基本例題60 音源と観測者が動く場合のドップラー効果

設問(1) 追い越す前の振動数

直感的理解
パトカーが後方から近づくとき、音源→観測者の向きを正とします。パトカーの速さ $u$ が音源速度 $v_\text{S} = u$、自転車の速さ $v$ が観測者速度 $v_0 = v$(ともに同じ向き)です。音源が追い越す前は音が後方に伝わるので、音源→観測者の向きは自転車の進行方向と同じです。

設定:パトカーの速さ $u$、自転車の速さ $v$、音の速さ $V$。追い越す前は同じ向きに進行。

追い越す前:パトカーがOの後方から近づきます。音源→観測者の向きを正とすると、パトカーもOも同じ向き(正の向き)に動きます。

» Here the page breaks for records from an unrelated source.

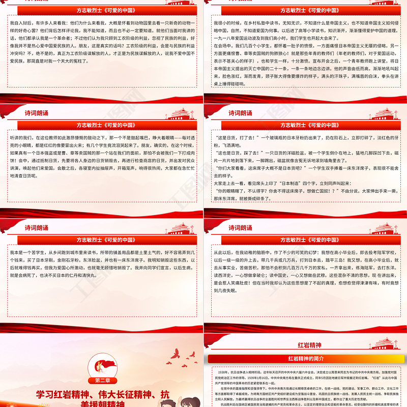 詩(shī)詞朗誦方志敏烈士《可愛(ài)的中國(guó)》我本是一個(gè)苦學(xué)生,從鄉(xiāng)間跑到城市里來(lái)讀書(shū),所帶的鋪蓋用品都是土里土氣的,好不容易弄到幾個(gè)錢(qián)來(lái),買(mǎi)了日本牙刷,金剛石牙粉,東洋臉盆,并也有一床東洋席子。我明知銷毀這些東西,以后就難得錢(qián)再買(mǎi),但我為愛(ài)國(guó)心所激動(dòng),也就毫無(wú)顧惜地銷毀了。我并向同學(xué)們宣言,以后生病,就是會(huì)病死了,也決不買(mǎi)日本的仁丹和清快丸。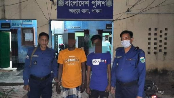 পাবনার ভাঙ্গুড়ায় দেশি মদসহ দুজনকে আটক করেছে ভাঙ্গুড়া থানা পুলিশ। মঙ্গলবার রাত ৭.৪০ টার দিকে ভাঙ্গুড়া থানাধীন অষ্টমনিষা ঘোষ পাড়া রাস্তার উপর হতে তাদের আটক করা হয়। এ সময় তাদের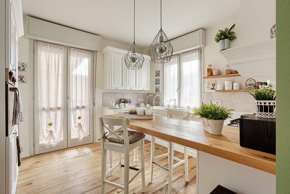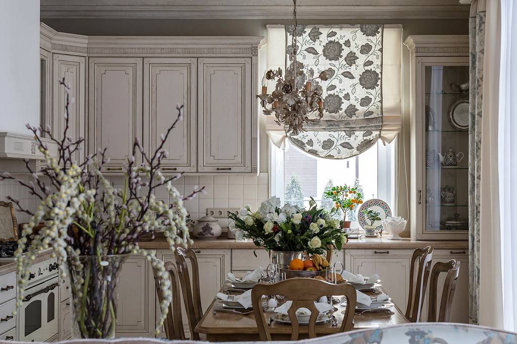 Прованс – один из немногих стилей, где можно позволить себе больше текстиля. Романтичные занавески, шторы с подхватами и рюшами, мягкая обивка кресел, ажурные скатерти и салфетки на столе – ключевые элементы для создания деревенского уюта.

ドップラー効果の一般公式 $f' = \dfrac{V - v_o}{V - v_s} f$ に代入:

$$f' = \frac{V - v}{V - u} f \text{ [Hz]}$$

$u > v$(パトカーのほうが速い)なので $V - v > V - u$、したがって $f' > f$(高く聞こえる)。

答え:
$$f' = \frac{V - v}{V - u} f \text{ [Hz]}$$
Point

音源と観測者が同じ向きに動くとき:$f' = \dfrac{V - v_0}{V - v_\text{S}} f$。$v_\text{S}$, $v_0$ は音の伝わる向き(音源→観測者)を正。

設問(2) 追い越した後の振動数

直感的理解
追い越した後はパトカーが前方にいて遠ざかります。音の伝わる向きが反転するので、$v_\text{S}$ と $v_0$ の符号が変わります。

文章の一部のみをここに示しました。